Y después viene la pesadilla fuera del mundo de los sueños, ésa que te impide respirar con tranquilidad u observar las cosas con la fascinación con la que lo hacías antes. Esa intranquilidad que te aborda cuando sostienes la pluma sobre un papel después de tanto tiempo, y te das cuenta de que, por más hojas y hojas con ideas que tengas, en ninguna vale la pena adentrarse, porque todo parece estar tan vacío como tu interior.
Es en esos momentos en los que una aplastante sensación de angustia oprime el corazón y el alma, inmovilizando todo mi cuerpo desde dentro de mi mente y asfixiándome hasta que me es imposible respirar con normalidad… es entonces cuando más a la deriva me encuentro, porque una parte de mi ser ha sido arrancada de su lugar y, por más que lo intente, no puedo recuperarla. Ahora sólo me queda la blanquitud que tanto desprecio, las hojas en blanco parecen burlarse de mí por no poder privarlas de su pureza, incapaz de capturar lo que tan vívidamente existió dentro de mí.

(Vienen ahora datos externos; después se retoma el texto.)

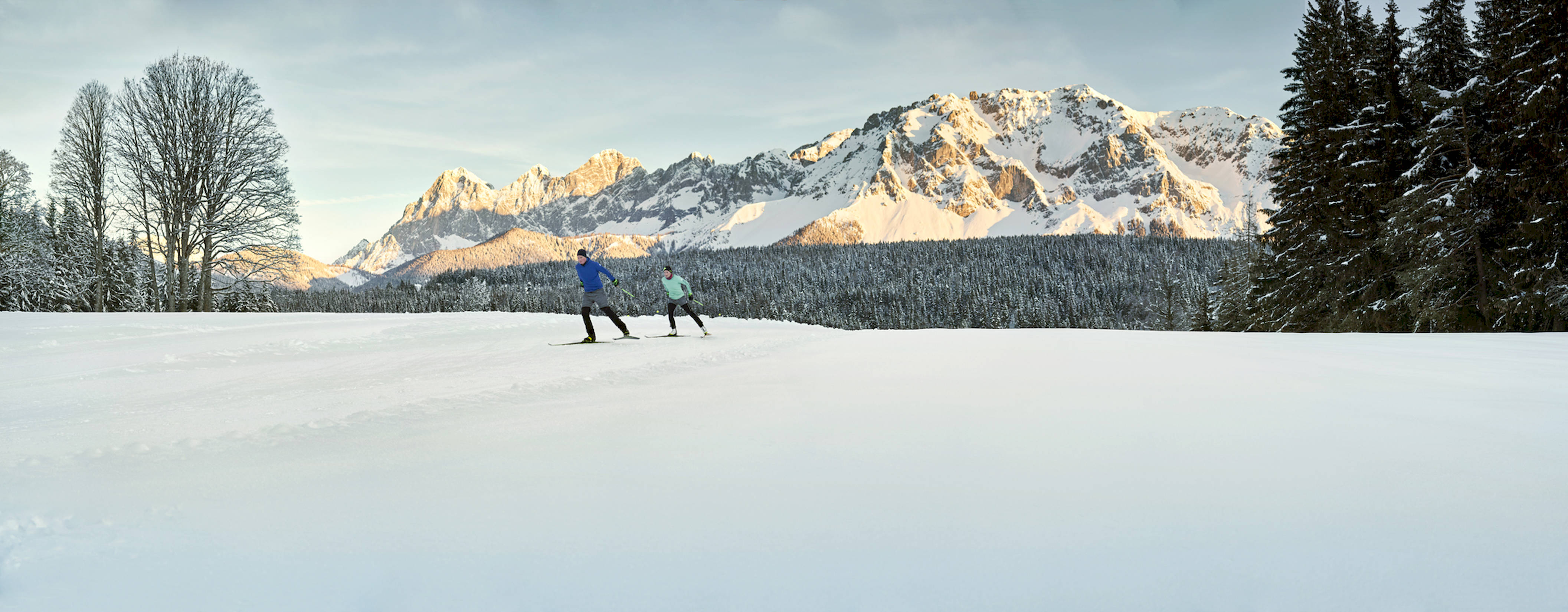 Rund um den Feichtlehnerhof befindet sich ein wahres Langlaufparadies: über 220 km bestens präparierte Loipen für Klassiker und Skater. Vom sonnigen Plateau bis zur Höhenloipe am Dachstein-Gletscher – rund zwanzig abwechslungsreiche Routen bieten Genuss und Herausforderung zugleich. Der Einstieg in die Loipe ist ganz unkompliziert: Über einen Skiweg, der direkt beim Haus beginnt, gelangt man direkt ins Loipennetz. Den Einstieg zur Nachtloipe findest du im Langlaufstadion Ramsau Ort – ganz in der Nähe.
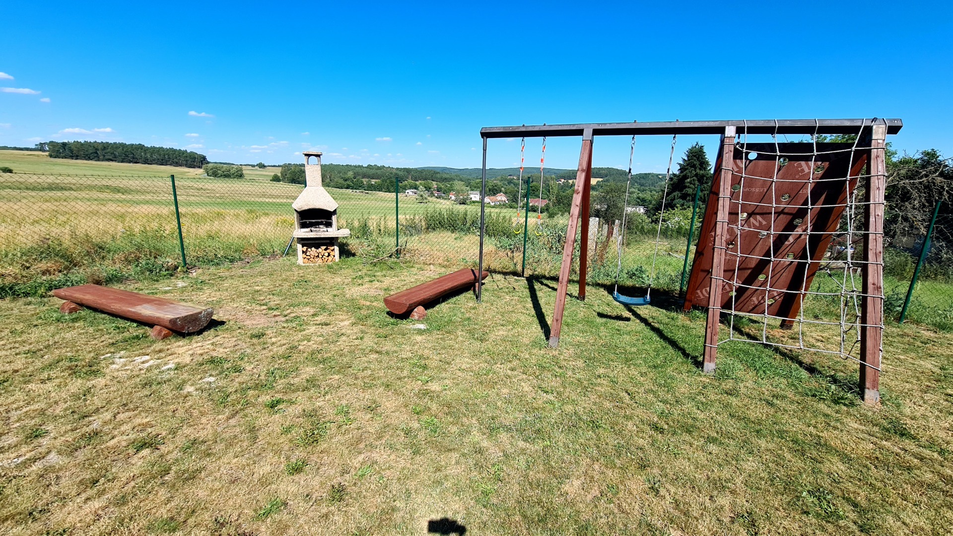 - dětský koutek (lezecká stěna, houpačka, branky na fotbal, síť nad badminton)
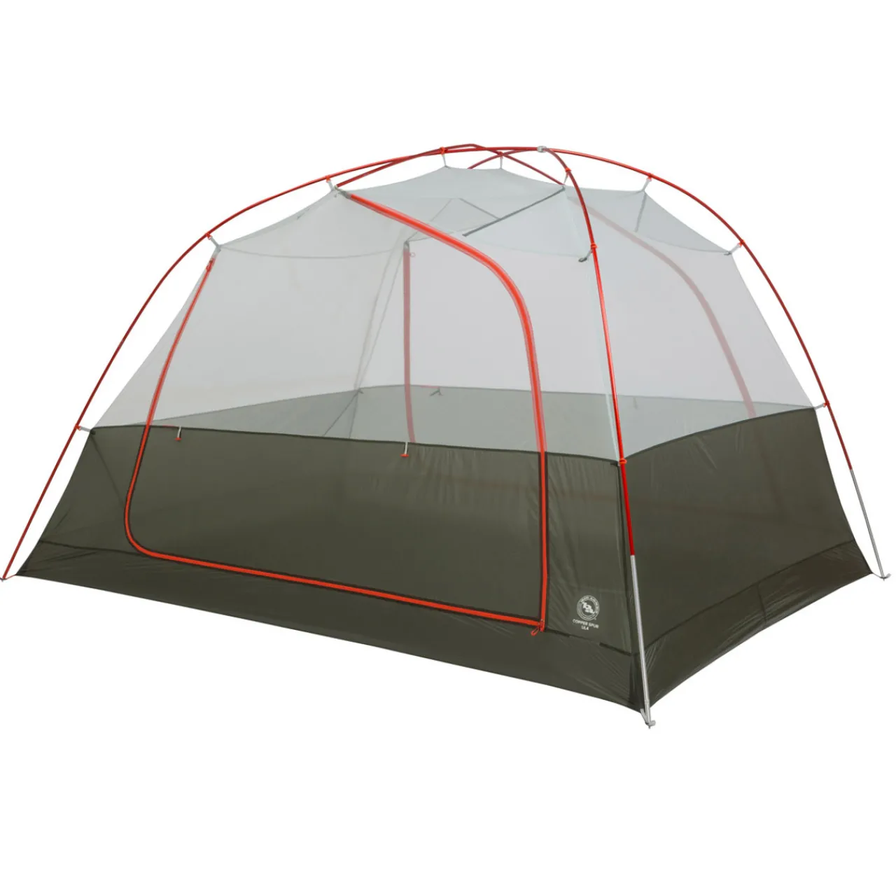 • Rainfly: Proprietary fabric technology; 15D nylon with 20D solution dyed ripstop and a 1500mm (PFAS-free) waterproof silicone and polyurethane coating
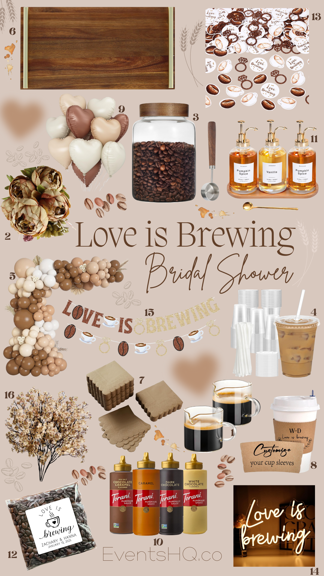 Celebrate love with a cozy coffeehouse twist! This theme blends rich tones of mocha, caramel, and cream with romantic touches of florals and glowing décor. From espresso cups and syrup dispensers to coffee-toned balloons and personalized favors, every detail is designed to make guests feel like they’ve stepped into a chic café made just for you. Perfect for coffee lovers, this bridal shower setup is warm, stylish, and oh-so inviting—because nothing brings people together quite like love (and lattes).
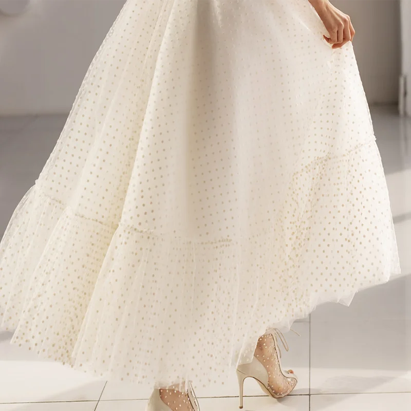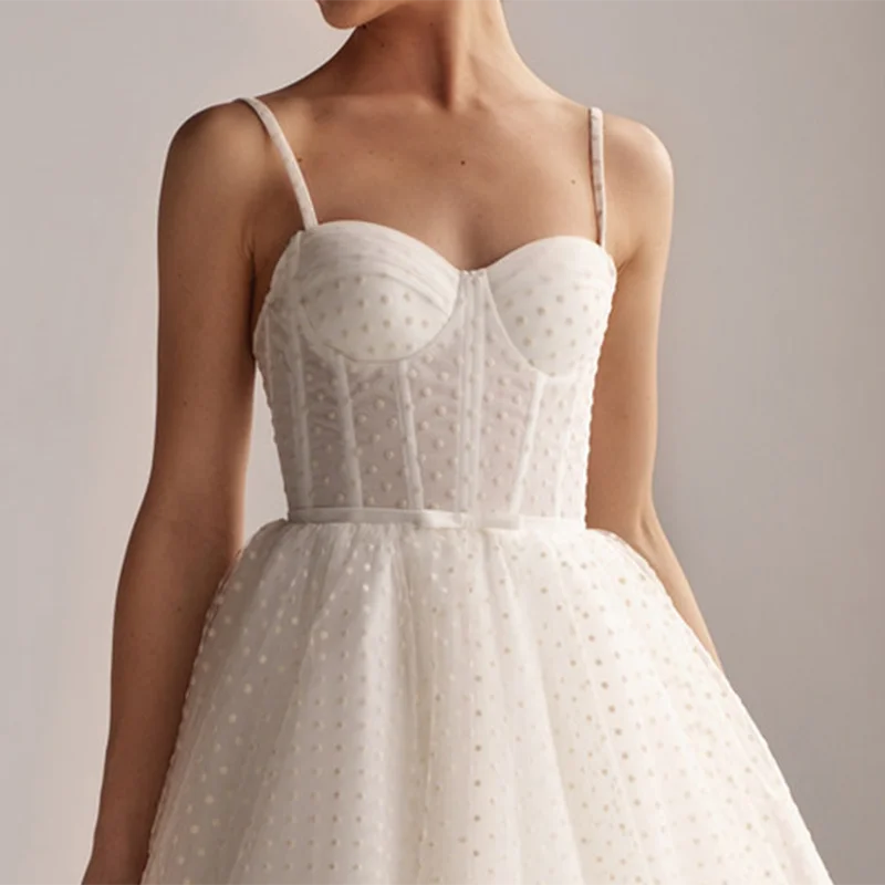 Elegant white suspender wedding dress tulle wavy A-shaped skirt bride’s romantic dress with halter strap vestidos de novia

Lo peor es cuando alguien que te recuerda lo maravilloso que era vivir en el éxtasis de la inspiración, sintiendo plenitud al ver cómo las palabras fluían por la tinta al rasgar el papel con la punta de la pluma…
¿Por qué cuando más se necesita decide hacerse invisible para los ojos de la mente, inalcanzable en los confines del espacio que nuestras cabezas construyen? Resguardándose de los gritos desesperados de nuestros dedos que anhelan desgarrarla hasta lo más profundo para brindarse paz.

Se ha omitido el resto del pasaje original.